Sqoop 之常用命令与防坑指南

发表于 2018-11-13 分类于技术一路走到黑阅读次数：本文字数： 4.6k 阅读时长 ≈ 4 分钟

Sqoop 的功能十分强大，可以帮助你完成不同数据库或数据仓库之间的数据同步任务。

总所周知的是 Sqoop 有两个版本

1.4.x
1.99.x

它们一个代表着 sqoop1，一个代表着sqoop2，它们功能性上的异同可简单归纳为以下几点，其余差异不在本文做过多的赘述。

功能	Sqoop 1	Sqoop 2
用于所有主要 RDBMS 的连接器	支持	不支持解决办法：使用已在以下数据库上执行测试的通用 JDBC 连接器： Microsoft SQL Server 、 PostgreSQL 、 MySQL 和 Oracle 。
Kerberos 安全集成	支持	不支持
数据从 RDBMS 传输至 Hive 或 HBase	支持	不支持解决办法：按照此两步方法操作。将数据从 RDBMS 导入 HDFS 在 Hive 中使用相应的工具和命令（例如 LOAD DATA 语句），手动将数据载入 Hive 或 HBase
数据从 Hive 或 HBase 传输至 RDBMS	不支持解决办法：按照此两步方法操作。

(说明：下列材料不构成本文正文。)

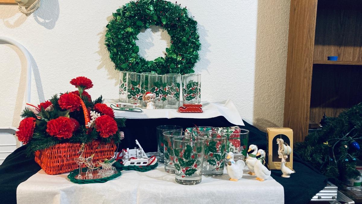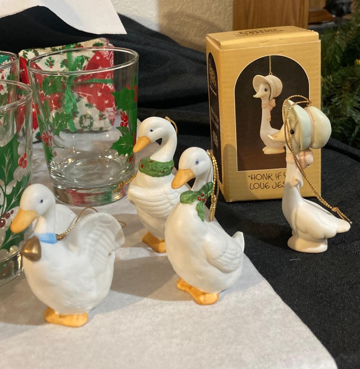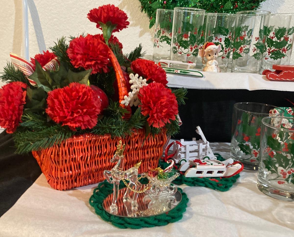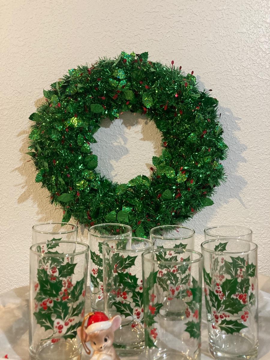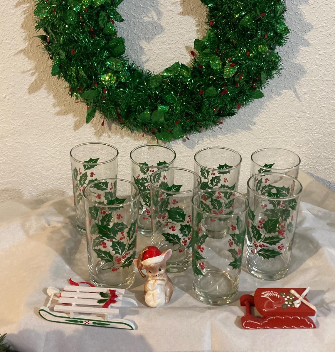 LOT 309 CHRISTMAS ¤¶ DRINKING GLASSES IN TWO SIZES AND A BIT OF HOLIDAY DECORATION (BASEMENT)

从 Hive 或 HBase 将数据提取至 HDFS （作为文本或 Avro 文件）使用 Sqoop 将上一步的输出导出至 RDBMS	不支持按照与 Sqoop 1 相同的解决方法操作

关于两者在其他方面的异同可以参考此文：Sqoop1和Sqoop2的刨析对比

出发

本文的背景环境为 sqoop 1.4.6

sqoop 的命令格式十分简单，只需要往上累加需要的参数即可

$ sqoop help
usage: sqoop COMMAND [ARGS]

Available commands:
  codegen            Generate code to interact with database records
  create-hive-table  Import a table definition into Hive
  eval               Evaluate a SQL statement and display the results
  export             Export an HDFS directory to a database table
  help               List available commands
  import             Import a table from a database to HDFS
  import-all-tables  Import tables from a database to HDFS
  import-mainframe   Import mainframe datasets to HDFS
  list-databases     List available databases on a server
  list-tables        List available tables in a database
  version            Display version information

See 'sqoop help COMMAND' for information on a specific command.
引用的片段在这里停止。